Business News
G7 pledges to keep stimulus going, despite debt woes (1st Lead)
Feb 6, 2010, 18:28 GMT
Washington/Iqaluit,Canada - Finance ministers of the world's seven leading industrial nations, meeting in a remote part of northern Canada on Saturday, promised to keep up stimulus spending to bolster the global economic recovery despite growing concerns over rising debt in the US and Europe.
Ministers debated the dangerous fiscal conditions of Greece, Spain and Portugal, which have been pushing down global stock markets over the past week.
They also discussed means of recouping billions of dollars in taxpayer funds from global financial firms that were bailed out over the last two years.
'The position for most countries is to support the economies now and get the budget deficit down as the economy recovers,' British Chancellor of the Exchequer Alistair Darling told Bloomberg News.
The meeting of the Group of 7 (G7) near the Arctic Circle in the tiny town of Iqaluit also came as the bloc struggled to find its proper role on the international stage. At a September summit in Pittsburgh, Pennsylvania, the G7 was replaced by the larger Group of 20 (G20) bloc as the premier forum for discussing economic issues.
'The G7 cannot play the role it once did, but it can and it must continue to lead by example in whatever role it will play in the future,' said Canadian Finance Minister Jim Flaherty.
The shift meant there was to be no official communique at the end of the G7 meeting on Saturday.

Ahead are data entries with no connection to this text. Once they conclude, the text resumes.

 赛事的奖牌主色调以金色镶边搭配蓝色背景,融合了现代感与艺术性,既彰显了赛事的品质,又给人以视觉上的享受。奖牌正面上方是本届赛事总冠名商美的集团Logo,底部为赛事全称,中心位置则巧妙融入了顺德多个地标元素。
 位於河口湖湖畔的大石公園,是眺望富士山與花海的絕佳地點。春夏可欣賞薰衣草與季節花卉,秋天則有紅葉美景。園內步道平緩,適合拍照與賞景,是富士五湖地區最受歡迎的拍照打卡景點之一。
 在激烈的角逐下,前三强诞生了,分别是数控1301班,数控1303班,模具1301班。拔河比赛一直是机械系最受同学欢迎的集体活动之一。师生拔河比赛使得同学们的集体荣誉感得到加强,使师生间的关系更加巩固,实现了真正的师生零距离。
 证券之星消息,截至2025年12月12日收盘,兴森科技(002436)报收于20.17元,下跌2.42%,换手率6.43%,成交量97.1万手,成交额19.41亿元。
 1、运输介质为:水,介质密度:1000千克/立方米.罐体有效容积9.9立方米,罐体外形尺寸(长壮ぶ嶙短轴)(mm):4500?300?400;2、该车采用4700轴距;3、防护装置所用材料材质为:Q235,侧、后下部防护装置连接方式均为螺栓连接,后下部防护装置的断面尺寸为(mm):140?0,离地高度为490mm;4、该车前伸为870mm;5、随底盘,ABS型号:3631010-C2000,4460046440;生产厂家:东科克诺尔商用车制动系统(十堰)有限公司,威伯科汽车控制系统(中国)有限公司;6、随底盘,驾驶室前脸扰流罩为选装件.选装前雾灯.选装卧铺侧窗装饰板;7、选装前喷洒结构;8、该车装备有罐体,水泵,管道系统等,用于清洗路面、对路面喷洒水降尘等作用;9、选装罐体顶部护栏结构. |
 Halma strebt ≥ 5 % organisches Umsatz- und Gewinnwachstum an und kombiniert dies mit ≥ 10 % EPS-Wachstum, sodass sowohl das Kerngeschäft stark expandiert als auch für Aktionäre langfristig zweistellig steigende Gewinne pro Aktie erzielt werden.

Instead, there was a statement from the Canadian host and a joint press conference of the bloc's finance ministers. Flaherty called it a time for 'frank discussion' about the state of the global recovery.
The G7 ministers kicked off their meeting near the Arctic Circle in Canada Friday with a ride across the icy north on dog sleds. The afternoon ride was aimed at displaying the 'folksiness' and 'back to basics' theme of the gathering advocated by Flaherty.

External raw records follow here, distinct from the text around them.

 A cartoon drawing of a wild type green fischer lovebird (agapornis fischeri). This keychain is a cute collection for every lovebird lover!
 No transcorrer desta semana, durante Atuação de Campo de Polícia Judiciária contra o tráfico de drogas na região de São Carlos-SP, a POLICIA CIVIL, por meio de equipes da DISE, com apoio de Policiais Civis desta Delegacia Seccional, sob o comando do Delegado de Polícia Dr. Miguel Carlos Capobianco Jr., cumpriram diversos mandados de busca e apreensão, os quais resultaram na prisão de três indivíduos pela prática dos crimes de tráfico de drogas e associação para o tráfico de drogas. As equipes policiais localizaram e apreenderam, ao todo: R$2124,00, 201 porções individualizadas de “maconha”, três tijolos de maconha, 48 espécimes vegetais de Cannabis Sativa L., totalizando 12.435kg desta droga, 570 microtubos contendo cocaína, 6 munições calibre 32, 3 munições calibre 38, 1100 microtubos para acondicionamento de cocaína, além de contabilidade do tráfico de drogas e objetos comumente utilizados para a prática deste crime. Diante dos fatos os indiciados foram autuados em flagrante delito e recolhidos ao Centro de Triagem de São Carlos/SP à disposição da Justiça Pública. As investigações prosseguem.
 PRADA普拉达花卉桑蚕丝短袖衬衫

The two-day meeting included the finance ministers and central bank heads from the worlds' seven leading industrial nations - Japan, the US, Britain, France, Italy, Canada and Germany.
At the top of their agenda in was reform of the global financial system. Ministers have agreed that banks should pay for taxpayer bail-outs that helped keep the financial system afloat over the past two years, but disagreed on the methods.
The finance leaders also considered generous debt relief for the quake-stricken Caribbean nation of Haiti. US Treasury Secretary Timothy Geithner said the group was working to forgive all of Haiti's debt to international institutions, as well as offering grants rather than loans to support Haiti's painful recovery.
Other issues on the agenda: The sluggish global economic recovery; plans to exit from stimulus measures that are pushing up government deficits; rebalancing global growth; and the valuation of China's currency.
Central to the talks on financial reform, which dominated a Saturday morning session, was the problem of banks considered 'too big to fail' and which could again drag the entire financial system into crisis in future.